• Steve Sang Kyun Koh violin

    Steve Sang Kyun Koh

    Dr. Steve Sang Kyun Koh was appointed to the position of Assistant Professor of Violin in 2019. From 2017 to 2019, Koh was Adjunct Instructor in violin at University of Toronto, where he received his Doctor of Musical Arts degree. He received his Bachelor of Arts at Rice University in Houston, Texas (U.S.A.), where he was the recipient of the Herbert & Helen Allen scholarship and the Dick and Mary Ellen Wilson scholarship. After finishing his Bachelor’s degree, Koh continued his studies and received his Master’s in String Performance and Pedagogy at Northwestern University in Evanston, Illinois (U.S.A.), where he was the recipient of the coveted Emily Boettcher and Yule Bogue Endowed Fund and the Dick Eickstein Grant. At University of Toronto, he was a student of Professor Yehonatan Berick, the Palmason Graduate Fellow in Violin, and the teaching assistant to Professor Annalee Patipatanakoon of the Gryphon Trio.

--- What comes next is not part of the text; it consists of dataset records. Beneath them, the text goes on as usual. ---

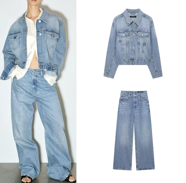 Ensemble Denim Clair – Veste Crop & Jean Wide Leg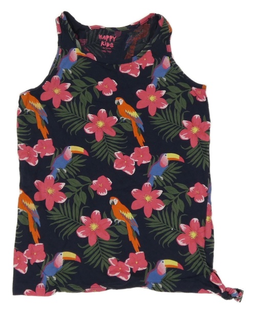 Tmavomodrý top s papoušky a kvetmi a lístečky Tchibo
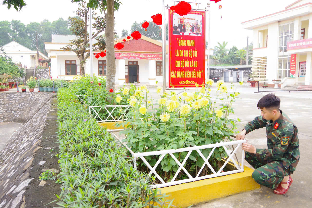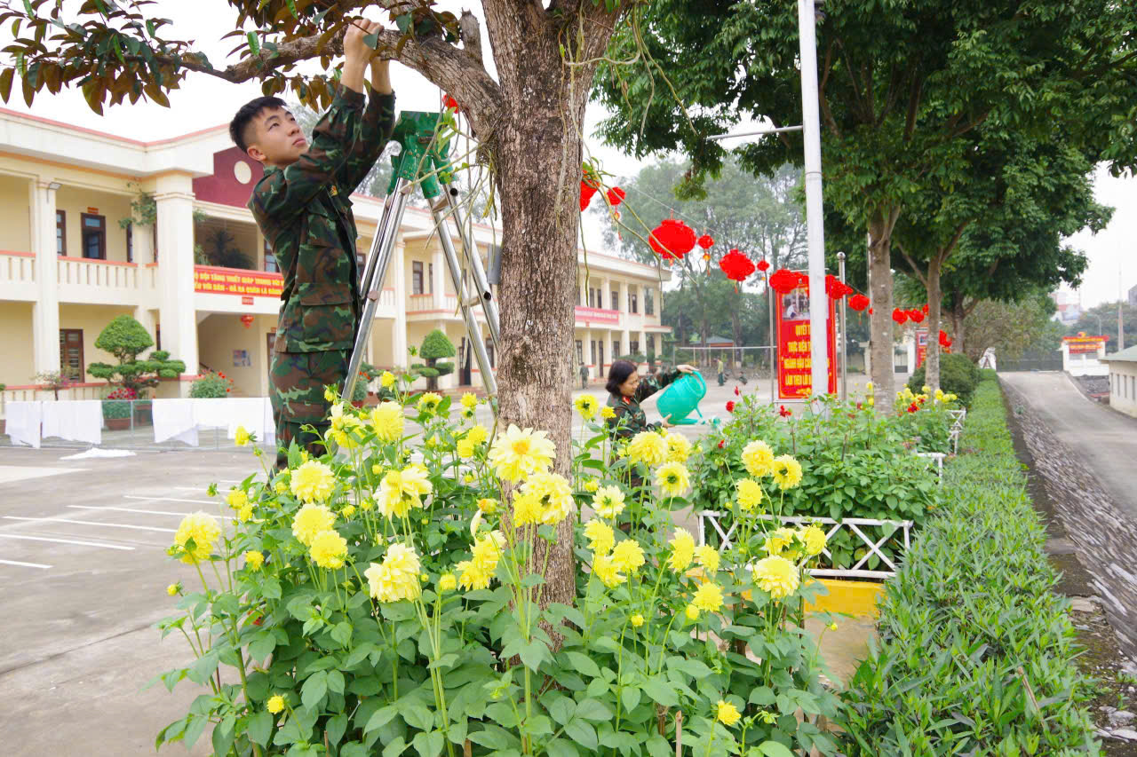 Tô điểm cho mùa Xuân tại Tiểu đoàn, các đơn vị đã tích cực chỉnh trang, củng cố cảnh quan, trang trí phòng đón Xuân, củng cố, làm mới hệ thống chậu hoa, cây cảnh, trồng nhiều loại hoa Tết như: Hoa Hồng, hoa Giấy, Thược dược…Đã chuẩn bị cho các hoạt động vui chơi, giải trí, giao lưu văn hóa văn nghệ, thể dục thể thao.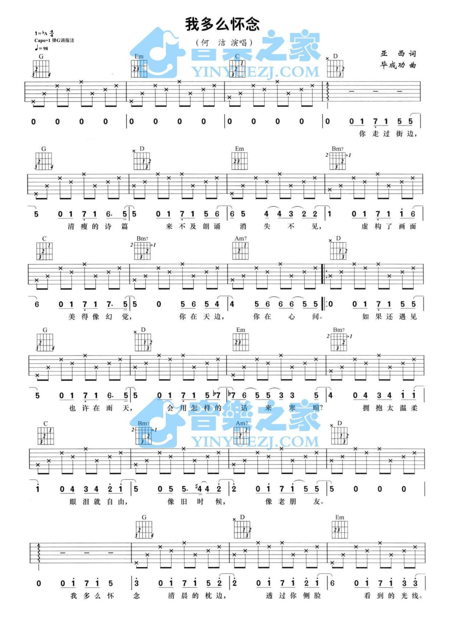 曲谱介绍: G调版何洁《我多么怀念》吉他弹唱六线谱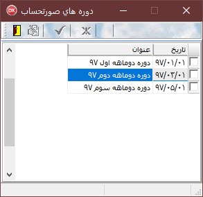 فرض كنيد ميخواهيم يك دوره در سال 1397 و از ابتداي سال تعريف نماييم در اين صورت در رديف اول در ستون تاريخ 97/01/01 را وارد مي نماييم و در ستون عنوان عبارت "دوره دوماهه اول 97" را وارد مينماييم و در رديف دوم ستون تاريخ 97/03/01 را وارد نموده و در ستون عنوان عبارت "دوره دو ماهه دوم 97" را وارد مي نماييم، در نتيجه باز زماني دوره اول از تاريخ 97/01/01 تا 97/02/31 خواهد بود و تعداد روز هاي اين دوره برابر 62 روز مي باشد و دوره دوم از تاريخ 97/03/01 شروع خواهد شد و هر زمان دوره سوم را تعريف نماييم پايان دوره دوم يك روز قيل از شروع دوره سوم خواهد بود.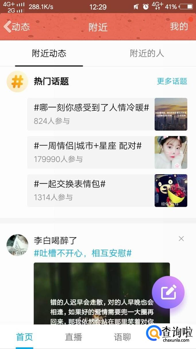 然后我们在相关页面点击右下角的动态,再点击附近。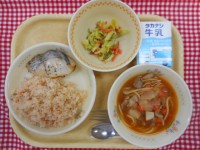 牛乳、麦ご飯、ぶりの塩焼き、野菜の昆布あえ、かき玉汁きょうのお魚はぶりです。ぶり...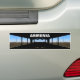 View from inside old abandoned bus with Mount Ararat in horizon bumper sticker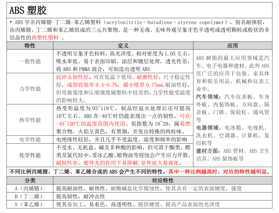 • ABS塑胶特性,如下图: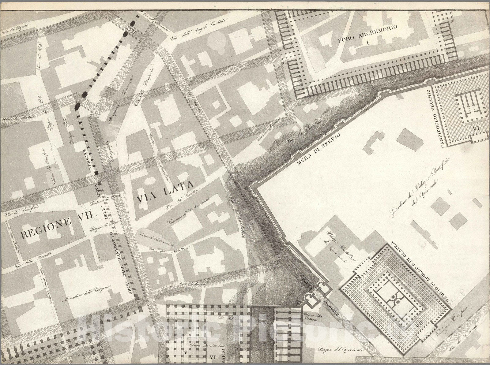 Historic Map : Italy , Rome (Italy), TAV III .A Pianta topografica della parte media di Roma antica 1847 , Vintage Wall Art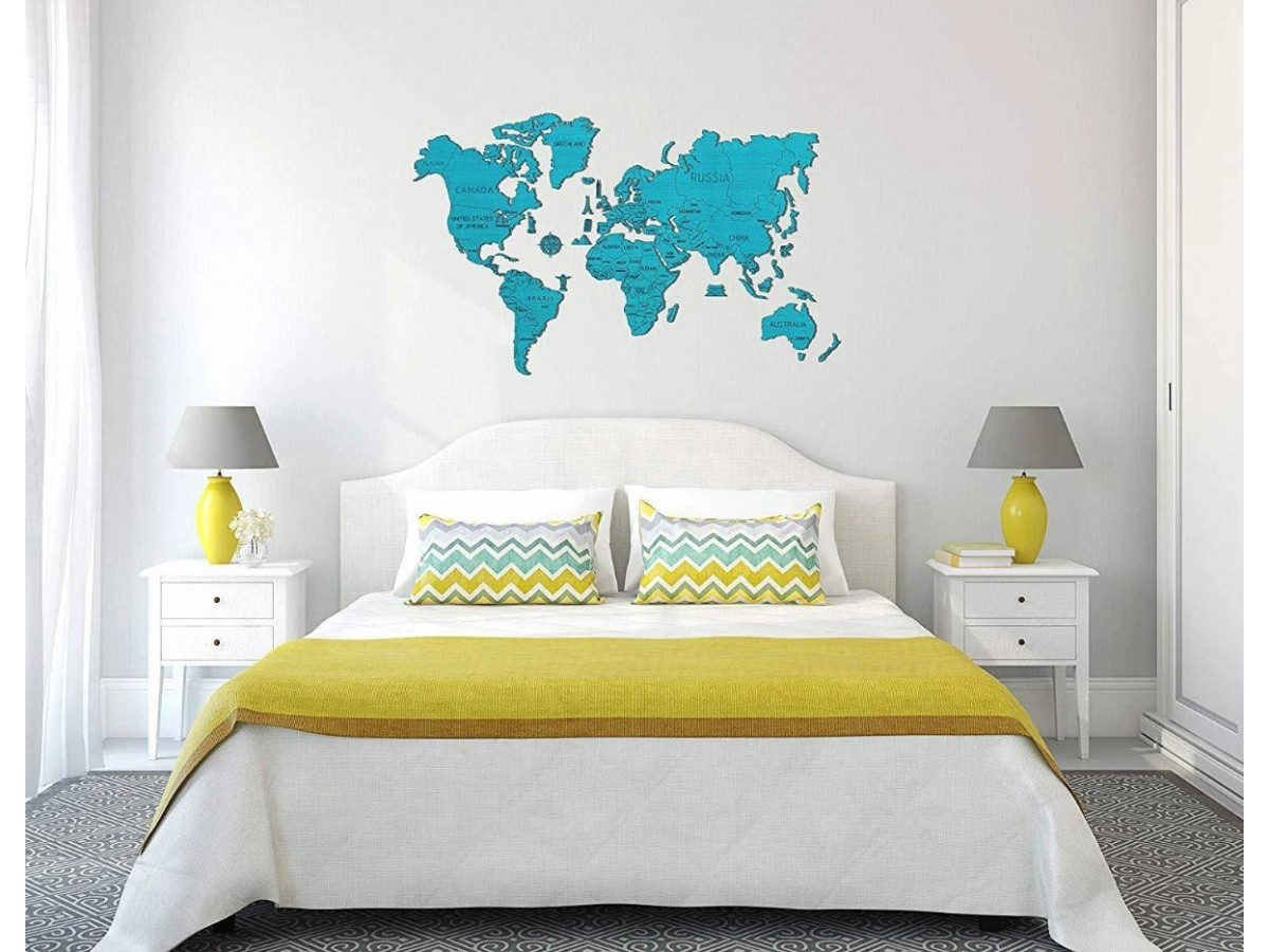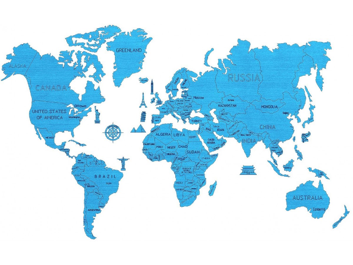 Puzzle din lemn Wooden.City - World Map XL (Cyan), 48 piese (Wooden-City-WM504/3-8299)

    An avid chamber and orchestral musician, Koh is co-founder of the Interro String Quartet, which explores diverse programming and eccentric venues as means to remove chamber music from concert halls and to connect with the wider public. A trademark of the Quartet’s programming, each of the concerts feature a “Compound Quartet” in which movements or pieces from four different composers are combined to make one composite quartet. With the Interro Quartet, Koh has been a co-author and recipient of several grants from the Ontario Arts Council and has annually commissioned quartet pieces featuring emerging composers in Ontario, Canada. In further support of new music, Koh is a member of the Toronto Messiaen Ensemble and has collaborated with emerging North American composers and internationally-renowned composers, such as Salvatore Sciarrino. From 2016 to 2018, he was a fellow at the Toronto Summer Music Festival. where he shared the stage with violists Leslie Robertson and Teng Li, cellist Antonio Lysy and Brian Manker, violinists Nikki Chooi, Yehonatan Berick, Alexander Kerr, and Adam Barnett-Hart. In addition to these performing activities, he has performed with the Sudbury Symphony, London Sinfonia, Symphony S.O.N.G., Kitchener-Waterloo Symphony, and the Windsor Symphony Orchestra.

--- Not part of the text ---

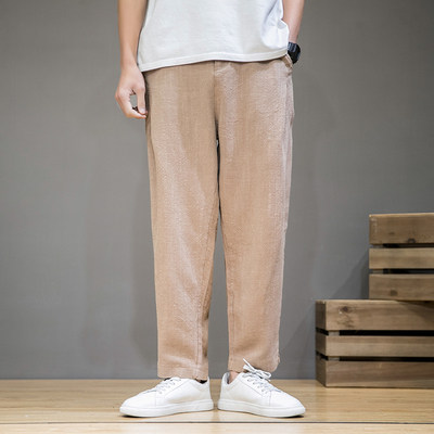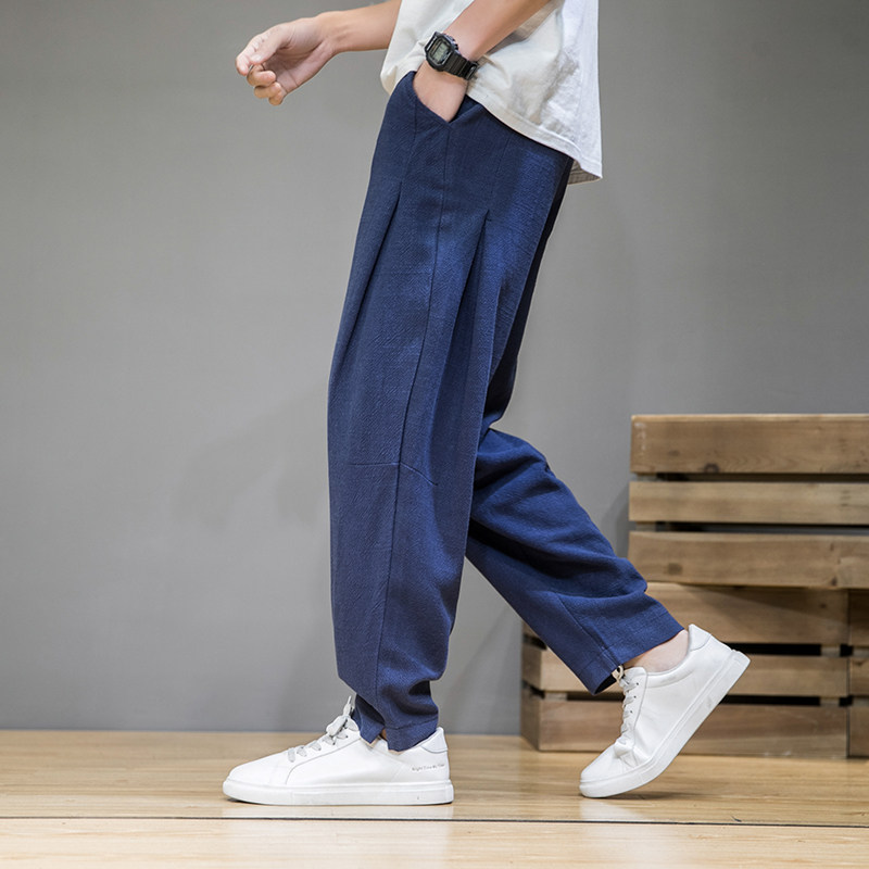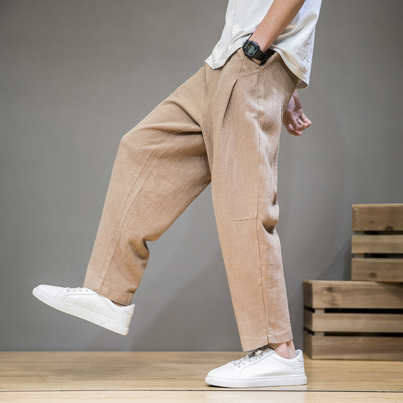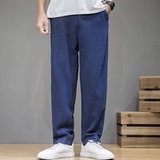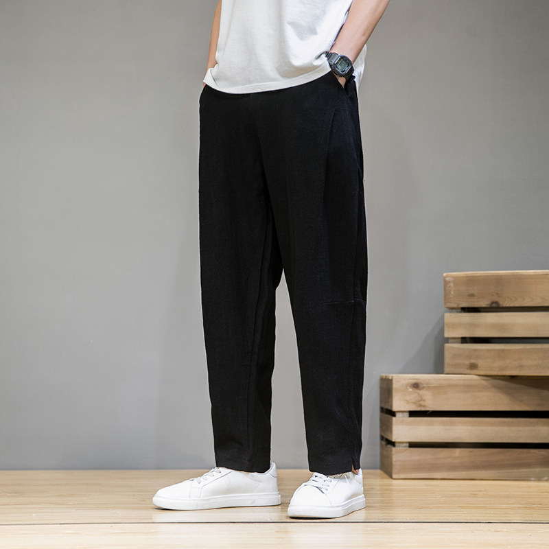 Демисезонные штаны, китайский стиль, свободный прямой крой, большой размер, из хлопка и льна

    His research interests range from performance practices of the 17th and 18th century to jazz to music technology. Published in November 2017, Koh’s dissertation, “Spaces in Between: A Swing-Informed Approach to Performing Jazz- and Blues- Influenced Western Art Music for Violin,” examines the challenges performers face when trying to balance interpretation with understandings of composers’ intentions. Most notably, Koh is co-Founder of Anima Music.inc (www.anima-ai.com) a software company that aims to amplify the potential of human musical expression with the use of artificial intelligence (AI) in the music composition and performance process. This work on AI and music performance has been featured in lecture-recitals at institutions around North America.

    Koh has studied with the members of the Chicago Symphony Orchestra, Orchestra National de France, Atlanta Symphony Orchestra, Seoul Philharmonic Orchestra, and the Toronto Symphony Orchestra. His past and current teachers have included Kenn Wagner, Helen Hwaya Kim, Yehonatan Berick, Jonathan Crow, Clara Jumi Kang, Svetlin Roussev, Joel Smirnoff, Koichiro Harada, Gerardo Ribeiro, Kathleen Winkler, Irina Muresanu, and Krzysztof Wegrzyn. He has performed in solo and chamber music masterclasses for Cyrus Forough of Carnegie Mellon University, Paul Kantor of the Shepherd School of Music, Shmuel Ashkenasi of the Curtis Institute of Music, Hiroko Yajima of Mannes School of Music, the Philharmonia Quartett Berlin of the Berlin Philharmoniker, and for the Belcea String Quartet.